— Ева? — зову начальницу и вваливаюсь в приватный закуток одного из залов нашего ресторана.
Поднимаю глаза — горло сжало ледяным комом. Ноги подкосились. Ноутбук выскользнул из рук и с глухим стуком ударился о плитку; экран мигнул и потух. Чашка выскользнула следом, кофе хлестнул мне по штанам.
На столе сидела Ева и обнимала Вениамина — его рука тянулась к её бедру. У неё размазана помада, молния кофты расстёгнута так, что было видно бельё. Вениамин плавно отстранился, медленно, будто ничего и не было.
Новоявленная хозяйка ресторана “Фортуна” закатывает глаза и нехотя сползает своей выдающейся задницей с большого дубового стола.
— Ты чё моё имущество ломаешь, криворукая?! — тут же взъелась на меня Ева
“Имущество! А ты, тварь, ты мою жизнь ломаешь! Жопой своей села прямо на стол, где гости едят! Хозяйка называется! Да что ты о ресторанном бизнесе знаешь?! Ничего святого в тебе нет!” — подумала я, едва дыша, но вслух смогла произнести только:
— Я возмещу, — шепчу едва слышно. Голос пропал. Я не могу смотреть на Вениамина, этого проклятого кобеля, которого я тяну на своей шее уже двадцать с гаком лет!

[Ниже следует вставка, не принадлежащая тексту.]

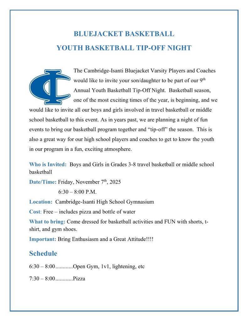 Welcome to the home of the Cambridge-Isanti Bluejackets Hoop Boosters basketball program. Our program is dedicated to helping your son and daughter to develop their skills and love for the game of basketball. We offer skills training, camps, open gyms, and a travel program throughout the year. Please follow us on Facebook!

Нагибаюсь, чтобы поднять технику, а он даже не подходит. Улыбнулся этой размалёванной девке, как когда-то улыбался только мне, кивнул и свалил, будто так и надо!
— Давно надо тебя уволить, да жалко, куда ж ты в таком возрасте пойдешь… посуду мыть и пиво разливать? — усмехается Ева.
Как же хочется ей лицо расцарапать. Возраст! Я старше её всего на пятнадцать лет! Уволилась бы сама, но не могу оставить “Фортуну” — здесь вся моя жизнь. Сюда я пришла ещё зелёной официанткой, познакомилась с Веней, блистательным студентом музыкального училища.
Я знала меню наизусть, нанимала персонал, делала банкеты. Марат ценил меня, собирался дать долю — не успел. Скончался. Теперь всем заправляет его молодая вдова.
К глазам подступают жгучие слёзы ярости. Стою и горю изнутри, а надо ещё что-то говорить этой проклятой “начальнице”.
— Гнать вас всех в шею надо, закрою эту пыльную лавочку и дело с концом, — фыркнула Ева, брезгливо оглядывая зал, и открыла на телефоне файл с отчётом.
— Опять одни убытки. Люди где, Лариса?! Ты ж типа профессионал! Ну?! Ты уволена. Дорабатывай свои две недели или сколько там и вали отсюда.
— Что? — у меня холодеют пальцы, а на грудь будто положили бетонную плиту.
— Что слышала. Вы мне все надоели! Ну, ладно, кроме твоего мужа. Его оставлю, — она бросает хищный взгляд в сторону, где Веня крутит в руке стакан с колой.
Вениамин подмигивает ей. У меня на глазах! Улыбается, слыша, что меня унижают и гонят прочь. Как это возможно?! Давно он с ней спит? Решили избавиться от меня?
Я выхожу из кофейной лужи. Ева красит губы, глядя в телефон, и уходит, а удары её каблуков врезаются в меня как раскалённые иглы.
Вениамин подошёл сзади и обнял. Волна отвращения поднялась так резко, что я инстинктивно отшвырнула его руки.
— Не смей больше подходить ко мне! — говорю надрывно, хрипло.
Он снисходительно улыбается.
— Ларис, ну прекрати. Ты чего? Мы просто немного поговорили!
Я слышу, как трескается тонкая корка, под которой годами держалось всё моё терпение.
— Идиотку из меня не делай, Вень! Поговорили они! Хватит!
Муж тут же меняется в лице.
— Ты должна быть мне благодарна, я пытаюсь спасти ситуацию! Пытаюсь хоть что-то сделать, пока ты тут кудахтаешь!
Он серьёзно предлагает мне радоваться тому, что лапает чужую женщину, которая только что лишила меня дела всей моей жизни да ещё и так хладнокровно?! Я хочу ответить ему, врезать, но тут же звонит телефон. Школа. Сын. Что опять?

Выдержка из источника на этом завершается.